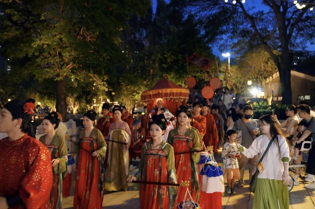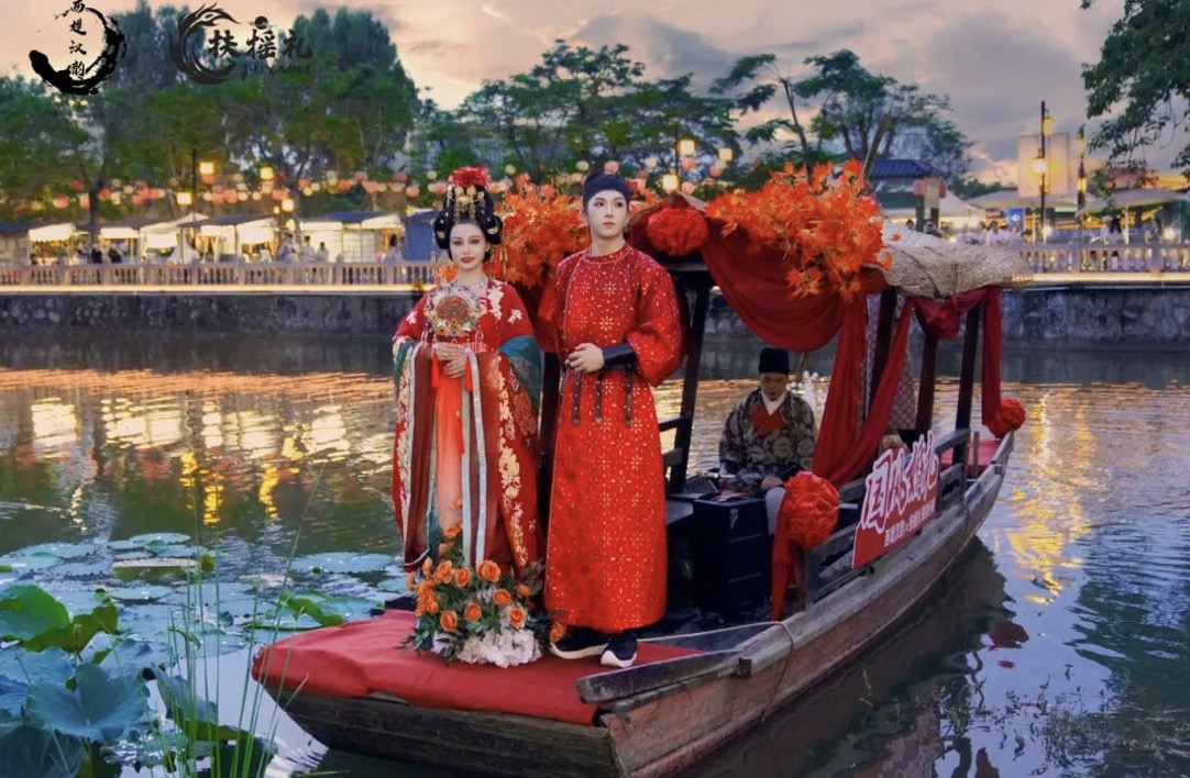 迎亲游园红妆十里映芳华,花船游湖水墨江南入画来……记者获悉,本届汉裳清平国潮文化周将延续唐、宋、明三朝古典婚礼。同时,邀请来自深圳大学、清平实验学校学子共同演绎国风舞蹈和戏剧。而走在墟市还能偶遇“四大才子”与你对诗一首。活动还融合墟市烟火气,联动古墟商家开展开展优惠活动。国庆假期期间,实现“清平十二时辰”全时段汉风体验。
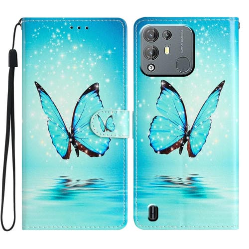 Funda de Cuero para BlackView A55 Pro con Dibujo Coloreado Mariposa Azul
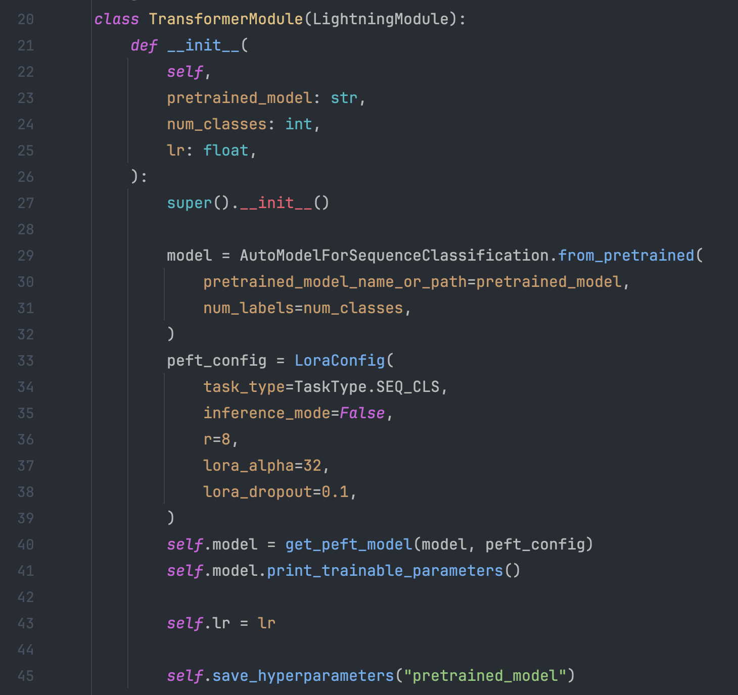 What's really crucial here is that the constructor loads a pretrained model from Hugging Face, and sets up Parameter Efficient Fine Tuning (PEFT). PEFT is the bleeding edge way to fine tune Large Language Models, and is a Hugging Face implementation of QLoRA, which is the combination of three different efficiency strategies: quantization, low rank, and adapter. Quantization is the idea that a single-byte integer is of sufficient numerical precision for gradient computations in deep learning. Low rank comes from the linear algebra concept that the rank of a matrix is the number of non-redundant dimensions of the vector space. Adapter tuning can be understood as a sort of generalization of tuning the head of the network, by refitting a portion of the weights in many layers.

*ABOUT THIS TASK*. Pictures stay out. Repeat only the lines from the beginning of the data through the line that has "Funda de Cuero".

*EXERCISE RESULT*.
 迎亲游园红妆十里映芳华,花船游湖水墨江南入画来……记者获悉,本届汉裳清平国潮文化周将延续唐、宋、明三朝古典婚礼。同时,邀请来自深圳大学、清平实验学校学子共同演绎国风舞蹈和戏剧。而走在墟市还能偶遇“四大才子”与你对诗一首。活动还融合墟市烟火气,联动古墟商家开展开展优惠活动。国庆假期期间,实现“清平十二时辰”全时段汉风体验。
 Funda de Cuero para BlackView A55 Pro con Dibujo Coloreado Mariposa Azul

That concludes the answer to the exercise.